+++ Source records

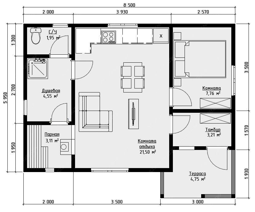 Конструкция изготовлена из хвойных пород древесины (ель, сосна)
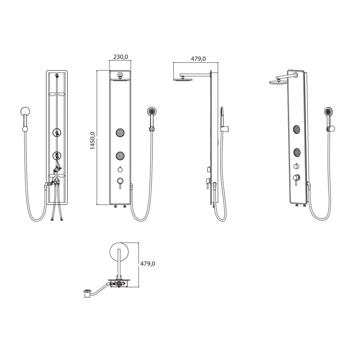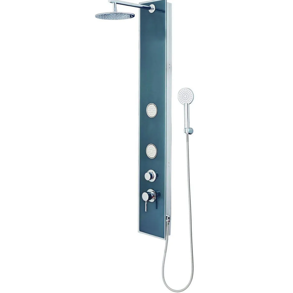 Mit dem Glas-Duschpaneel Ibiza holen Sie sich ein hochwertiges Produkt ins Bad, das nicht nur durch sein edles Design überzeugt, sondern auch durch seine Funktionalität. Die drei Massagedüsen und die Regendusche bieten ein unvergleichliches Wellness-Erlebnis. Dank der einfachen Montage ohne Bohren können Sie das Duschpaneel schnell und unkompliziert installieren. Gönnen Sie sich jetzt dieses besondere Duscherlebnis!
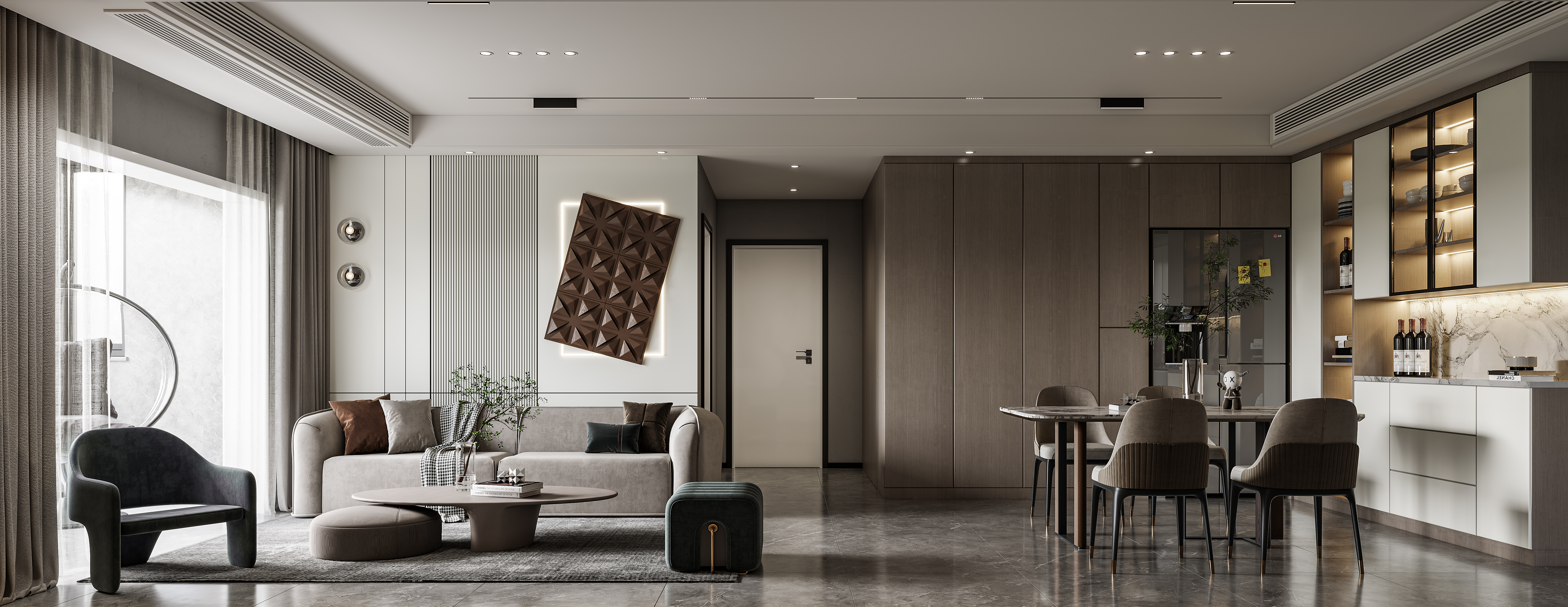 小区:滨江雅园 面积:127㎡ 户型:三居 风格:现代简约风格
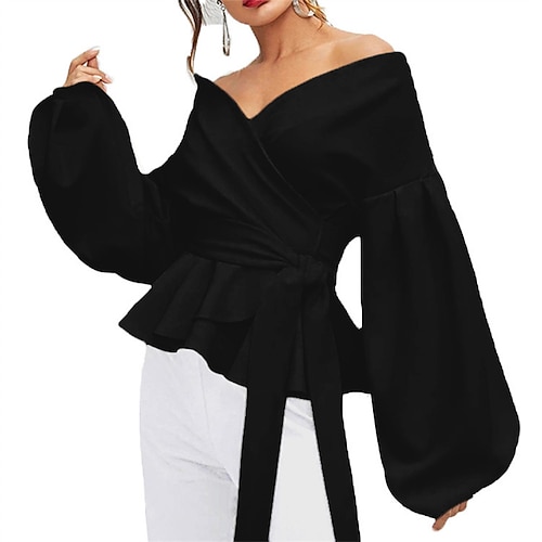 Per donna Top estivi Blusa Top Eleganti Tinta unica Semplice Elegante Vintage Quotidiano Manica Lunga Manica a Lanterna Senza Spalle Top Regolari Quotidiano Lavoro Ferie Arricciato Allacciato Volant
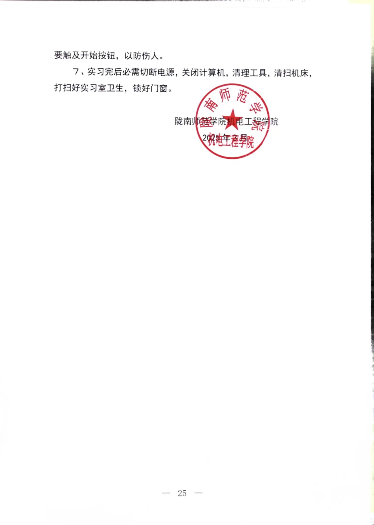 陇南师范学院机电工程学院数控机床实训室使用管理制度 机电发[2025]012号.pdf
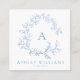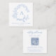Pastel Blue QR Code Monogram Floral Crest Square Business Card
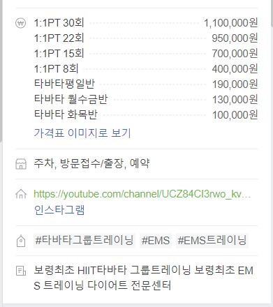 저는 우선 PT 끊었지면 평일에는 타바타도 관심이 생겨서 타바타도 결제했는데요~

++++++

_Problem description_
No pictures belong in the answer, only the lines from the top of the listing through the line containing "Mit dem Glas-Duschpaneel", repeated word for word.

_Result of the exercise_
 Конструкция изготовлена из хвойных пород древесины (ель, сосна)
 Mit dem Glas-Duschpaneel Ibiza holen Sie sich ein hochwertiges Produkt ins Bad, das nicht nur durch sein edles Design überzeugt, sondern auch durch seine Funktionalität. Die drei Massagedüsen und die Regendusche bieten ein unvergleichliches Wellness-Erlebnis. Dank der einfachen Montage ohne Bohren können Sie das Duschpaneel schnell und unkompliziert installieren. Gönnen Sie sich jetzt dieses besondere Duscherlebnis!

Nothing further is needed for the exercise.